A Murky Assignment

Well. I’ve just enrolled in an on-line writing course. Or I think I have. I’m still struggling to “navigate the course.”

It’s that “on-line” thing that has created the problem. The confusion and uncertainty.

In my mind, I imagined a real teacher, in a real classroom, standing behind a wooden desk, facing all her eager students. And I would be one of those.

I’d hear the soft scratch of the chalk as she wrote our assignments on the blackboard and later she’d let me clap the erasers together to clean them. A bully might pull on my pig-tail but the teacher would chastise him and take pity on me.

And so it would go.

Last week’s “enrollment” material quickly disabused me of that longed-for image.

I was “invited,” via email, to enroll at the Haiku Learning Center.

That was the first alert.

Or should I say e-lert?

I don’t do Haiku or any other type of poetry.   I assumed, that as is usually the case, I had overlooked the fine print.

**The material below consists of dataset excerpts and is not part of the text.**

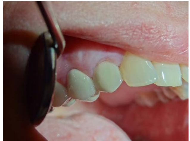
Figure 4 - Clinical situation 3 years after treatment

After a period of three years the clinical aspect of the restoration and the radiological one are excellent (Figure 4, Figure 5).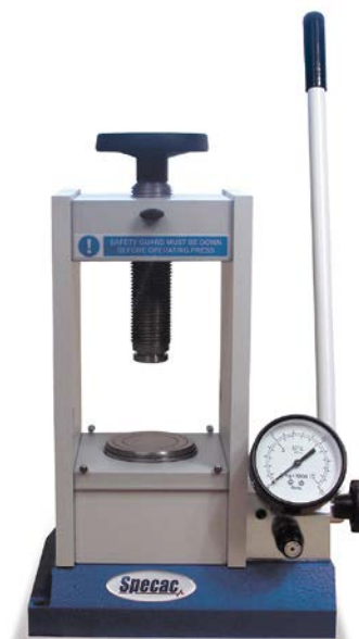
Specac's Hydraulic Press

Gravure printing has gained widespread use because of high quality prints obtainable. It is however more expensive to change print design than with flexographic printing and therefore more cost effective for high quality volume or repetitive applications.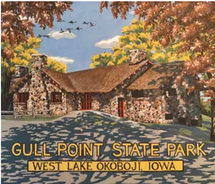
Paula Streeker (Ames), The Lodge , 2019, Acrylic paint on linen, Gull Point State Park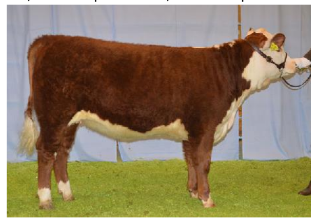
7395 Bårarps Genna

We have had two shows in Sweden this year. The first show at Mila in Malmö was a huge disappointment with regards to the number of Herefords entered. Only four females and one bull... But, the Champion female, 7395 Bårarps Genna did take a 2<sup>nd</sup> place in the Interbreed Championship.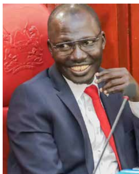
Senator James Lomenen

"Fishermen operating along Lake Turkana have been subjected to harassment and, in some cases, fatal encounters at the hands of KWS officers," the Senator lamented in a Statement on the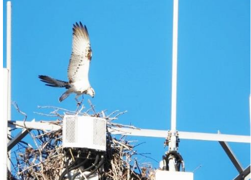
Osprey nest building

structural challenges of the tower and were observed on most days throughout June adding sticks to the nest. Placement was quite deliberate and Geoff observed a bird place a stick and then take off with it, returning to place it in another spot. We assume they had learned from their past experience at this site.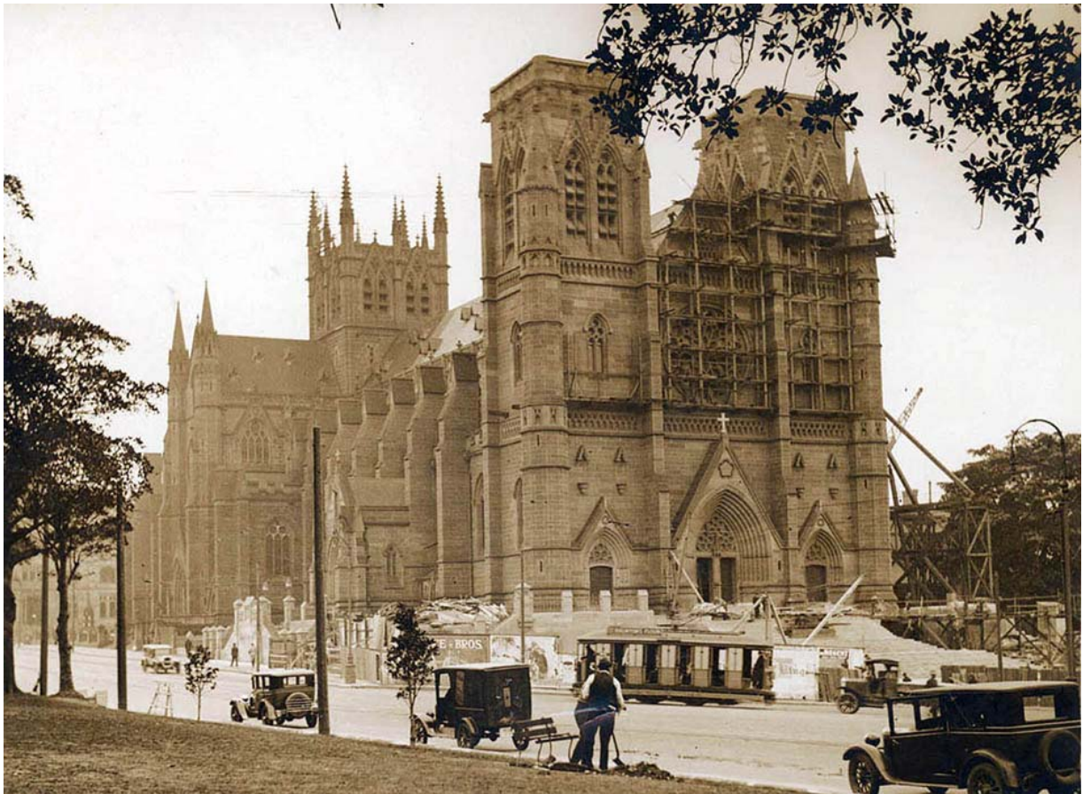
St Mary's Cathedral Sydney. Wardell's design of the cathedral towers included spires, but the spires were not completed until August 2000, 135 years after construction commenced

A significant number of Wardell's buildings are now on the National Heritage List.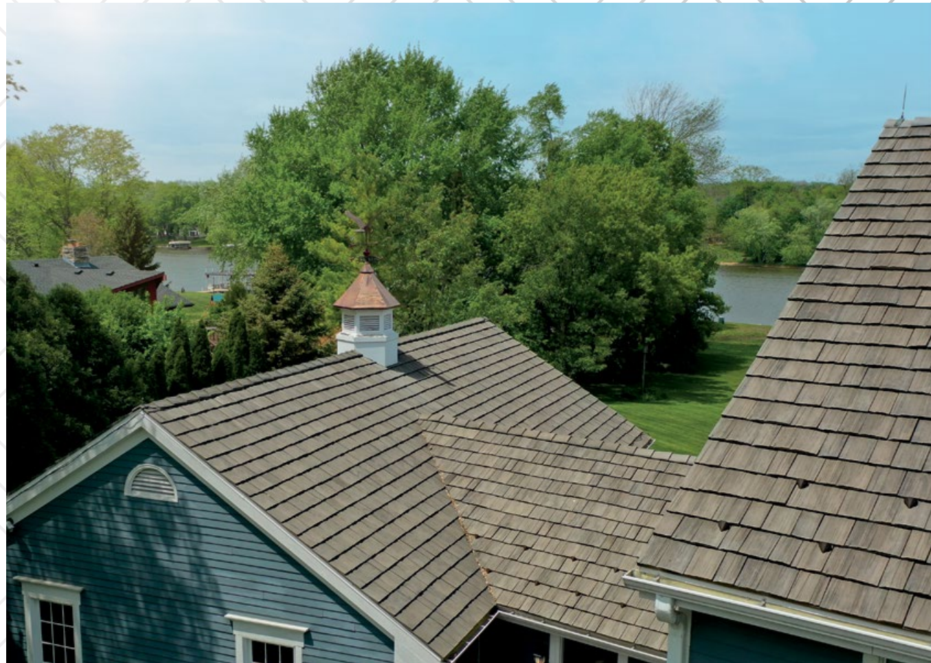
Brava Cedar Shake Lake Forest

Brava shakes are crafted with a blend of high-grade, high-spec pre-consumer recycled plastic, natural minerals, and binders.

Emailed the “in-charge” person who assured me that the Haiku Learning Center is much more than poetry. That’s just their name.

I proceeded.

In filling in my info, I discovered a space for “parent” signature/approval.

Second e-lert.

Wrote “in-charge” person again. Told him I have no parents; only grandchildren and great-grandchildren and, that it looked like, yet again, I was walking down the wrong side of the street.

He wrote back and told me all was well; that the Haiku Learning people have classes for elementary school children as well as people like me.

Third e-lert?

Continued processing. Pressed wrong button. Lost all info I had sent. And received. E-mailed tech person. Pretty sure I still have missing elements. Some of it may be important. Hard to know.

I’ve sent in two lessons. Been chewed out by on-line teacher twice. I’m batting two for two. Has she no mercy?

There’s clearly a learning curve here. I just wonder which one will get to the finish line first: the curve or the learn.

This is obviously a work in process. I know it’s all taking place in a “cloud.” But right now, at least for me, it’s definitely not “Cloud Nine.”